The permitted quarry site is two kilometres north of the Sand Lake Road and seven kilometres south of the project site.

The site being cleared will house a demonstration-scale processing plant, known as a dense media separation (DMS) facility. 

SOW will handle all the aggregate production, road repairs, site prep, and the crushing and hauling of a 5,000-tonne bulk sample excavated at the site last year. After the sample is crushed, the material will be returned to the quarry and run through the DMS plant.

The purpose of the DMS plant is to produce large samples for Avalon to present to potential customers in the international glass and ceramic market. There’s also a by-product that includes rubidium-bearing feldspars, used in certain ceramic applications.

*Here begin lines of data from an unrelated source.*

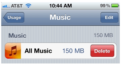 설정 앱을 실행시켜 일반 > 사용내용을 선택한다. iOS 기기가 계산을 마칠 때까지 기다립니다. 목록이 나타나면 음악(Music) 줄 항목을 찾는다. 이제 음악 줄에서 스와이프(Swipe) 조작으로 삭제(Delete) 버튼을 불러와 탭 하면 캐시 된 음악이 삭제됩니다. 이것은 iOS 기기에서 음악을 즐기는 기능에 아무런 영향을 끼치지 않는다는 사실을 기억해야합니다. 아이튠즈 매치 덕분에 원하면 언제든지 아이클라우드에서 음악을 재생시킬 수 있습니다. 이 방법은 아이튠즈 매치가 기기로 다운로드 한 노래를 삭제하지만 언제든지 다시 되돌릴 수 있습니다.
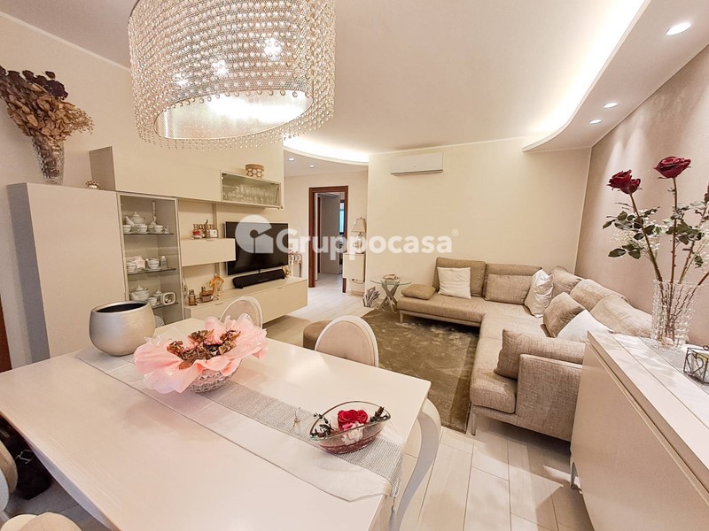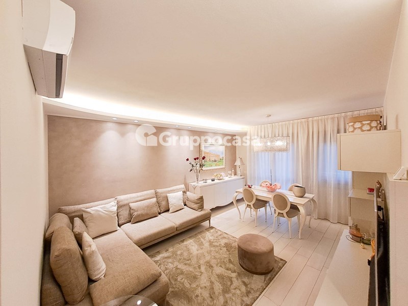 Il trilocale è composto da ingresso, soggiorno, cucina abitabile, doppi servizi, due camere da letto e due balconi.
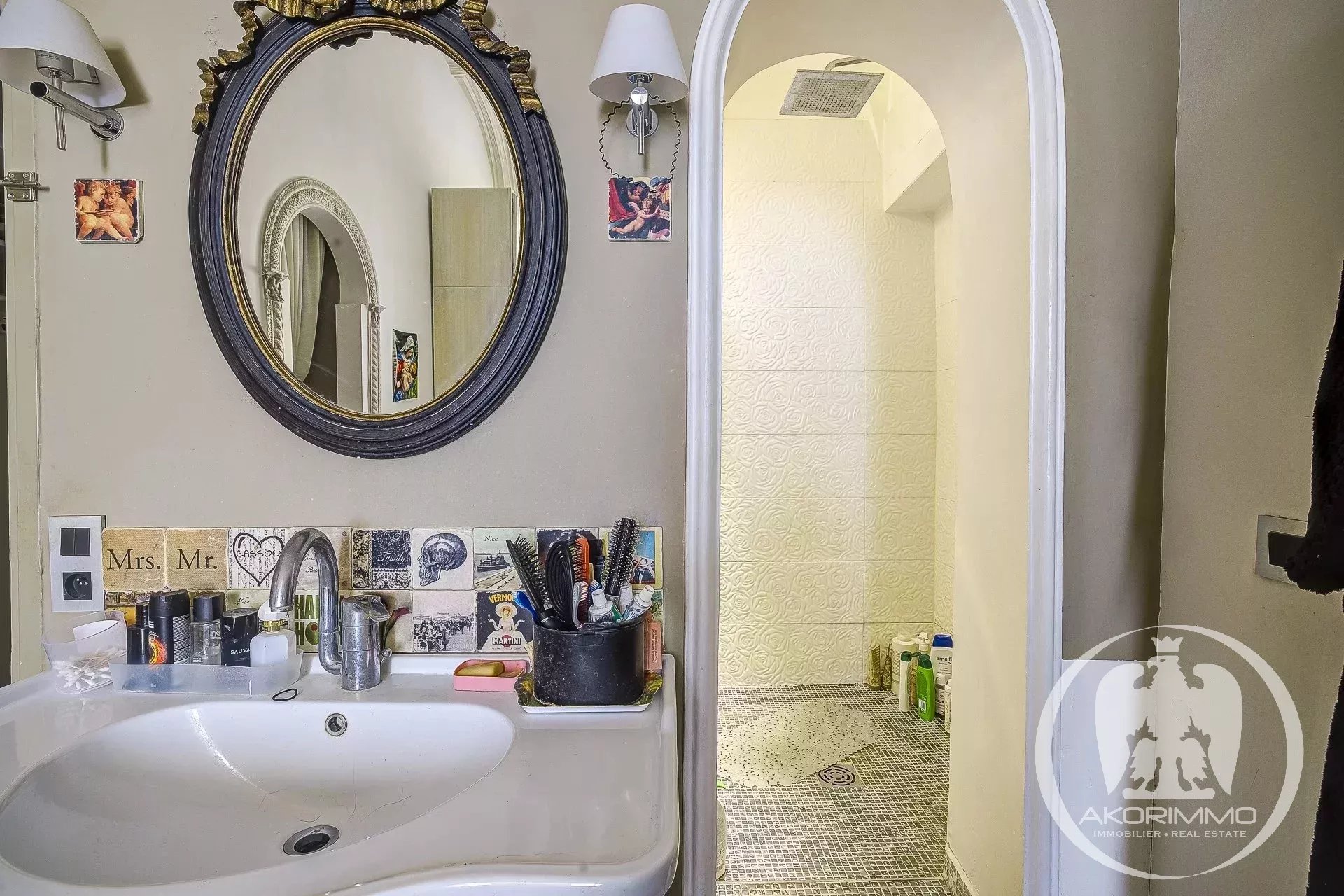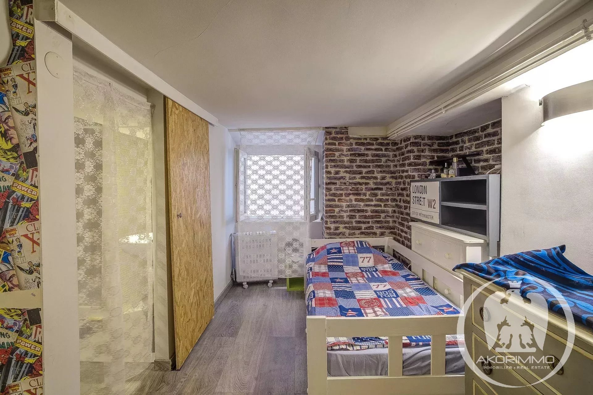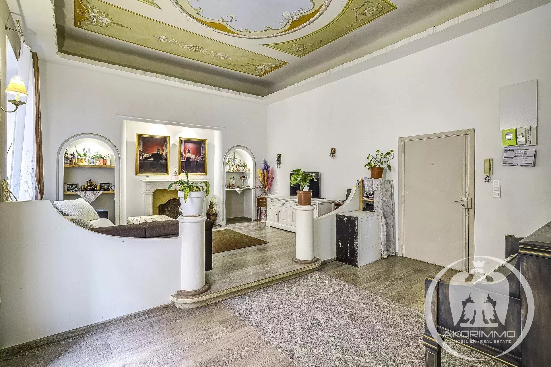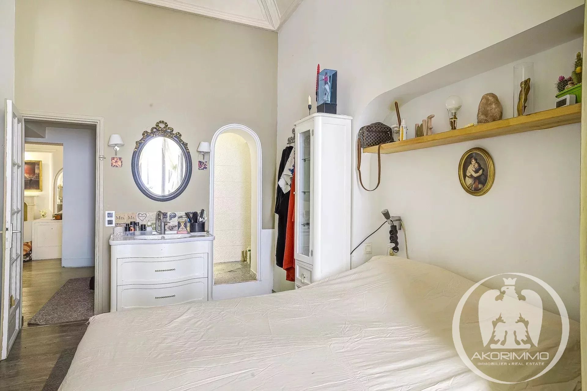 4 Pièces en duplex Vieux Nice A deux pas de la mer, bel ancien entretenu, 2° et 1° étage composé d'un séjour, d'une vaste cuisine d'angle, d'une chambre de maître avec salle d'eau en suite, à l'étage du dessous, 2 chambres et une salle d'eau avec W.C. Plafonds hauts peints et moulurés- double vitrage, climatisation sous gaine Copropriété 2880 euros/mois- commission vendeur
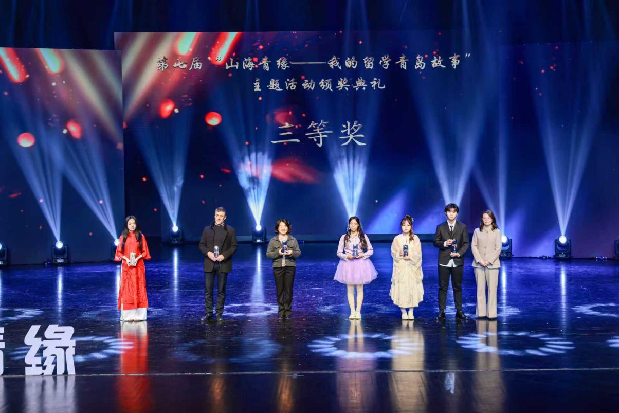 11 月 25 日,第七届 “山海青缘 —— 我的留学青岛故事” 主题活动颁奖典礼在青岛艺术学校举行。我校获一、二、三等奖各一项,于滢源、玄纪元和孙国栋获优秀指导教师。
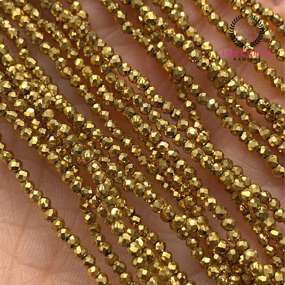Fasetowane kulki Hematytu w kolorze ciepłego złota o średnicy ok. 2 mm – drobne, błyszczące i eleganckie, idealne do minimalistycznej i nowoczesnej biżuterii.
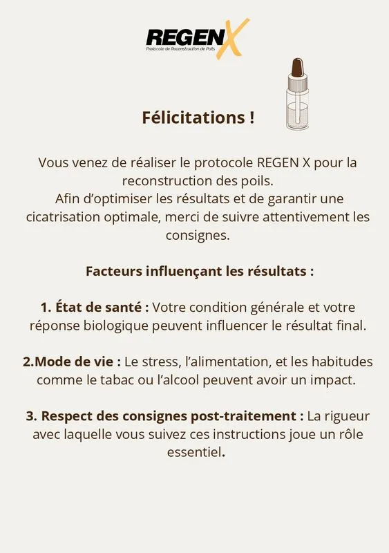 Absolument. Le protocole RegenX constitue un excellent entretien post-greffe et peut être utilisé en complément pour renforcer la repousse et prolonger les effets du soin.
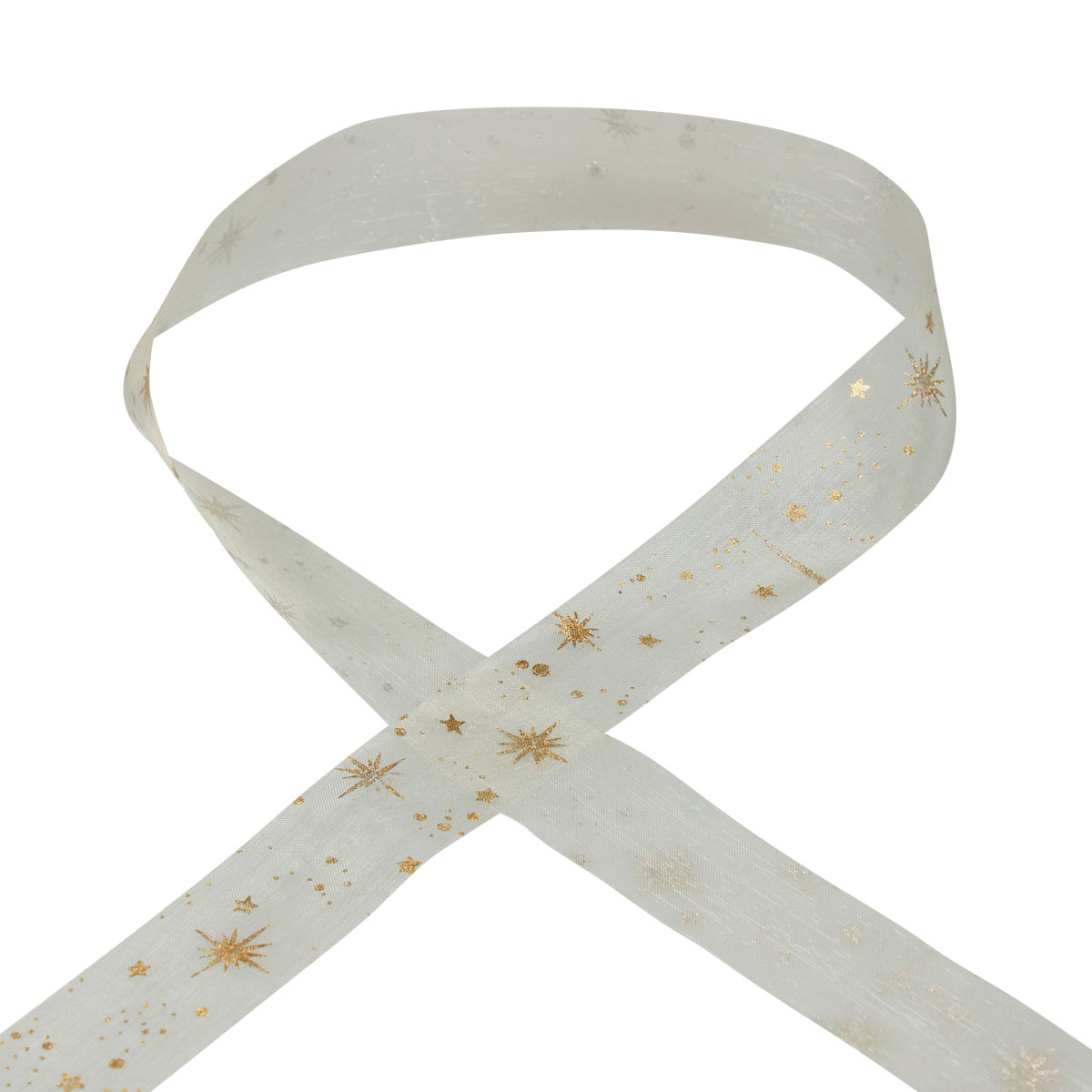 Valkoisesta organzasta ja kultaisilla tähdillä tehty koristenauha jouluksi tulee noin 25 millimetrin leveänä muovikelalle käärittynä. Organzanauhan kokonaispituus on noin 25 metriä.

The DMS plant will be installed this fall and is expected to be operating by spring 2023.

Avalon is on the path to establish Ontario’s first lithium chemical processing plant in Thunder Bay. The refinery would make lithium hydroxide for the battery manufacturers involved in the electric vehicle (EV) sector.

It would be vital piece to the critical minerals supply chain that the provincial and federal governments want to establish - and fund - to bridge the gap between mining and the battery manufacturing plants in the automotive industry.

Avalon is looking for a major private investing partner and to sign product off-take agreements with major manufacturers in the EV space. 

The company said it’s made a purchase offer to acquire an undisclosed brownfield property in Thunder Bay to host the plant, which could handle lithium concentrate from Separation Rapids and from other potential lithium miners in the region. 

In a recent investors webinar, company president Don Bubar said the chosen site is on the city's waterfront at a closed industrial property.

Refinery construction would start in 2023 to be ready for production in 2026. Avalon said it expects to close the land deal in September once debt financing has been arranged.